Thanks for your post. I prefer little to no centre channel so I'll try your suggestions when I get back from my holiday.
I've done some more work on getting good Quad upmixes and think I have cracked the workflow - but it is a bit more involved than my first few 5.1 upmixes. I have used the following workflow on two albums so far (2nd Law and Drones by Muse) and the results are excellent IMHO!! Essentially I am doing a two pass conversion - then taking the front channels from the first output and merging with the rears from the second.
1) Up-sample the source files to 176.4/192 using sox and merge together any tracks that segue into one another first
2) Start SpecWeb Play with the following command line switches - "SpecWeb.exe -P1 -M1 -c0 -f0 -a0 -l0 -r0 -o0 -40 -50 -C0 -z1 -L-0.1". This essentially presets most settings to zero, turns of ZAG, and sets to Artcan mode.

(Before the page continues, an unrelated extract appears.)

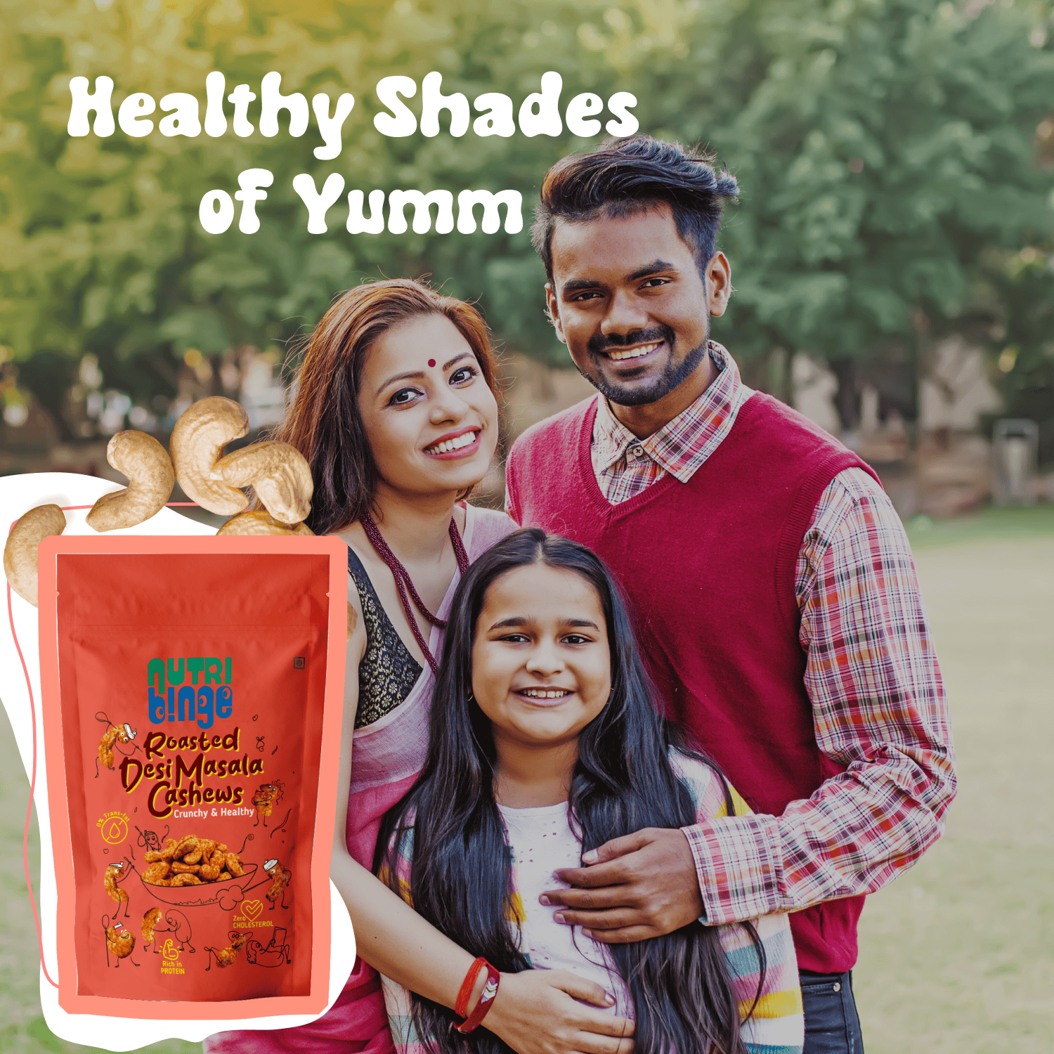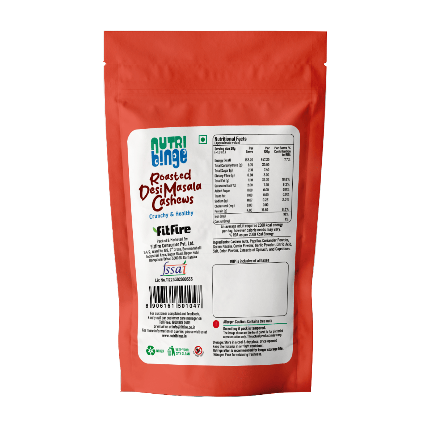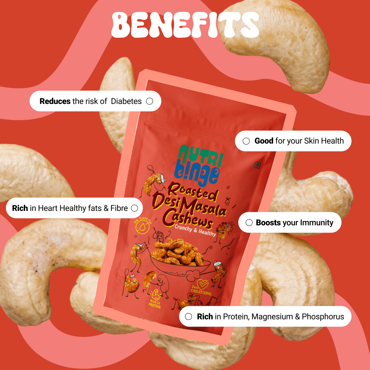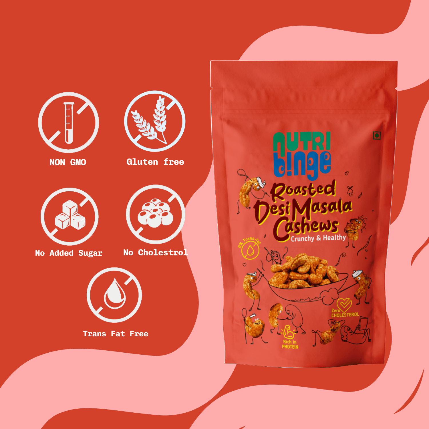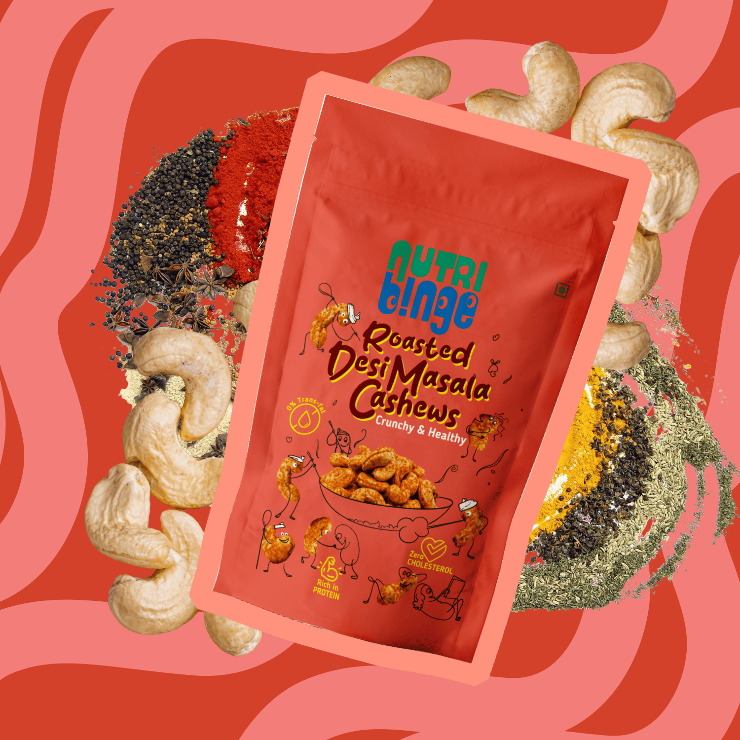 - When Health meets Binge : Now healthy food is gonna be yummy too. The crunchy cashews sprinkled with the tangy “Chat patta” spiciness of various hand picked spices make Nutri Binge Roasted Desi Masala Cashews an irresistibly tasty snack to binge on.The best part is all this comes in the form of clean, healthy snacking free of preservatives, Trans Fats and Cholesterol.
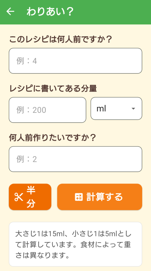 材料の量と単位を入力してから「半分」を押すと、半分の量が表示されます。

3) Set gain for Centre and LFE to -110 and tick the 'Norm only' box
4) Isolate the front channels and gradually raise the Front width until it is not distorted.
5) Switch to isolate the rear channels and check that you have some good isolation in the rears and can not not hear too much vocals or other 'centre oriented' content - This generally seems to be somewhere between 70 and 100.
6) Increase the centre width to somewhere between 20 and 30 to take out the remainder of the vocals.
7) Set Adjacent speaker to 0.04
8) Save an ini file in a subfolder called sLsR named as per the source file.
9) Set the centre width back to zero and save another ini file in a sub folder called LR
10) Repeat steps 2-9 for each source file
11) Put a copy of all source files in both the 'LR' and 'sLsR' subfolders and run the conversion process through the QQ Helper
12) Once complete, extract the Front channels from the LR output and the Rear channels from the sLsR output and put the two sets of newly created 2 channel files in separate folders. I have written a couple of batch files to do this in SoX.
13) Run both sets of files created in step 12 through DRMeter in Foobar to get peak and RMS levels. Also get DRMeter levels for the stereo source files.
14) The next process will adjust the levels of the output files to match the relative RMS levels of the source file, with the rear channels set to 3dB lower RMS than the fronts
15) I have written a spreadsheet into which you can input the peak and RMS levels calculated in step 13 and create a custom batch file to adjust the levels of the LR and sLsR sets and merge to form your final 4.0 Flac files. It is reasonably self explanatory - If the figure in cell I:50 goes red, manually put the same number in the adjacent cell and it should change to 0.00
16) Copy paste the content of cells A:55 to A:112 to notepad and save the file as gain.bat in a folder that has the output from step 12 in two subfolders named LR and sLsR
17) Double click gain.bat and you should get your final files a few minutes later, ready for final tagging etc
On the two conversions I have done using this process, I have found there to be much less distortion and artifacts in the rear channels - and of course, without a centre channel there can be no distortion/artifacts there either.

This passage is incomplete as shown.